Exercise details:
Word for word and without images, reproduce the listing that follows.

Raw data:
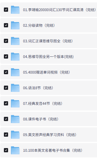 李靖瑜英语课程大合集,包含20000词汇课、分级读物资料、词汇思维导图、4000单词课、语法课、经典发音课、课件电子书、经典学习资料,还有100本英文原著电子书,非常棒的一套英语学习课程合集~
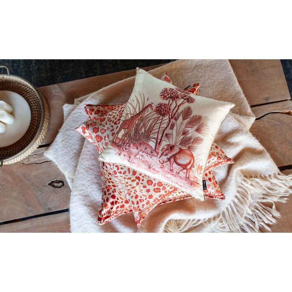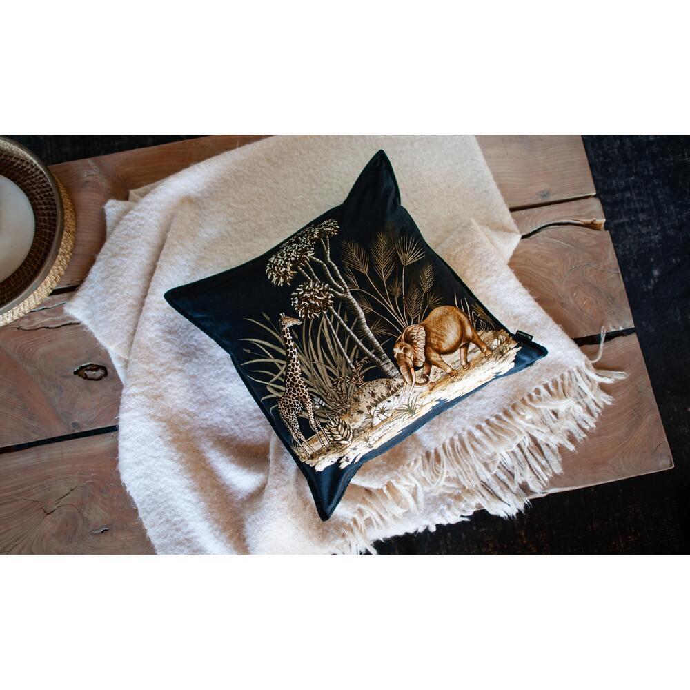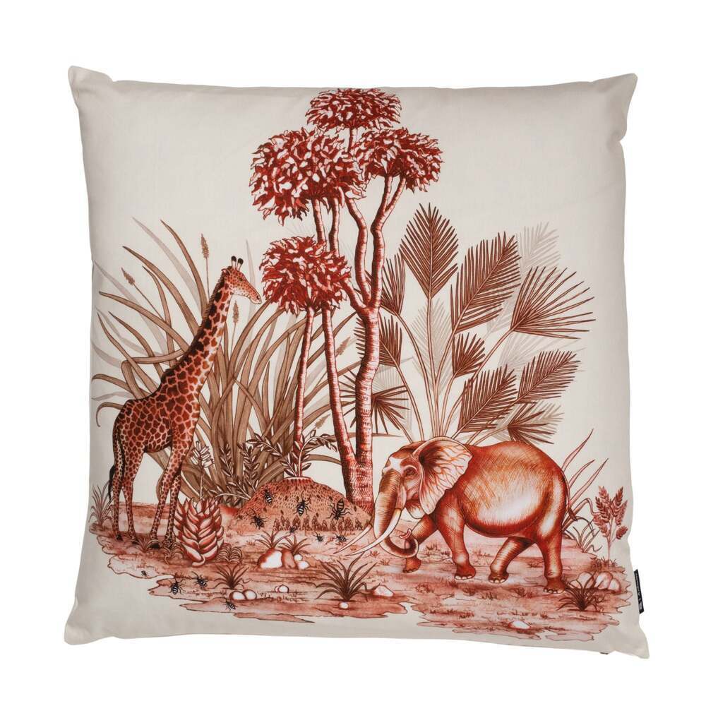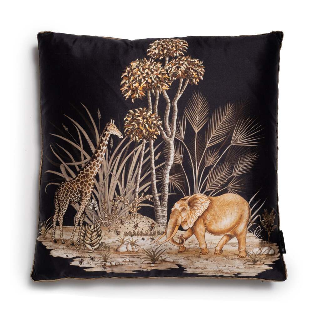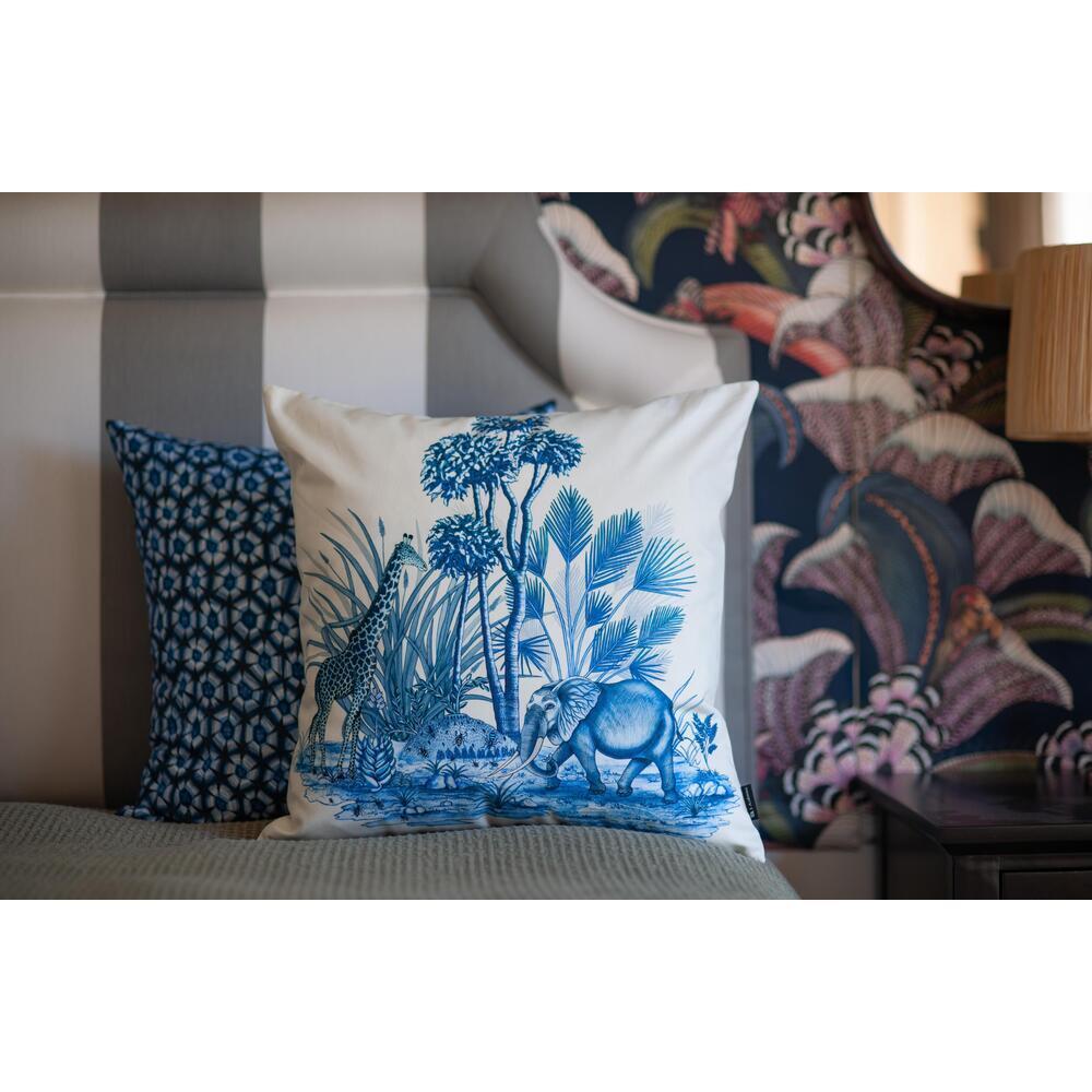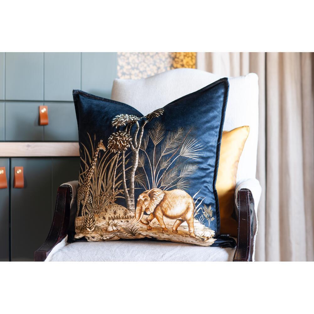Sightings of elephants, warthogs, giraffes and crowned cranes among the Candelabra Ficus and Kiepersol trees prompted the creation of the new Thanda Toile fabric design. Available in Silk, Cotton and Velvet. Every pillow cover is cut and sewn by hand in our Johannesburg workshop. A 95% feather / 5% down insert is included.
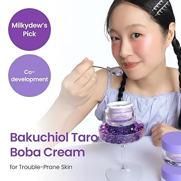 - CO-DEVELOPED WITH MILKYDEW-BAKUCHIOL TARO BOBA CREAM was created based on fan requests from Milkydew! Bakuchiol is a plant-based alternative to retinol—gentler on the skin, yet effective regulating sebum production.

Problem solution:
 李靖瑜英语课程大合集,包含20000词汇课、分级读物资料、词汇思维导图、4000单词课、语法课、经典发音课、课件电子书、经典学习资料,还有100本英文原著电子书,非常棒的一套英语学习课程合集~
Sightings of elephants, warthogs, giraffes and crowned cranes among the Candelabra Ficus and Kiepersol trees prompted the creation of the new Thanda Toile fabric design. Available in Silk, Cotton and Velvet. Every pillow cover is cut and sewn by hand in our Johannesburg workshop. A 95% feather / 5% down insert is included.
 - CO-DEVELOPED WITH MILKYDEW-BAKUCHIOL TARO BOBA CREAM was created based on fan requests from Milkydew! Bakuchiol is a plant-based alternative to retinol—gentler on the skin, yet effective regulating sebum production.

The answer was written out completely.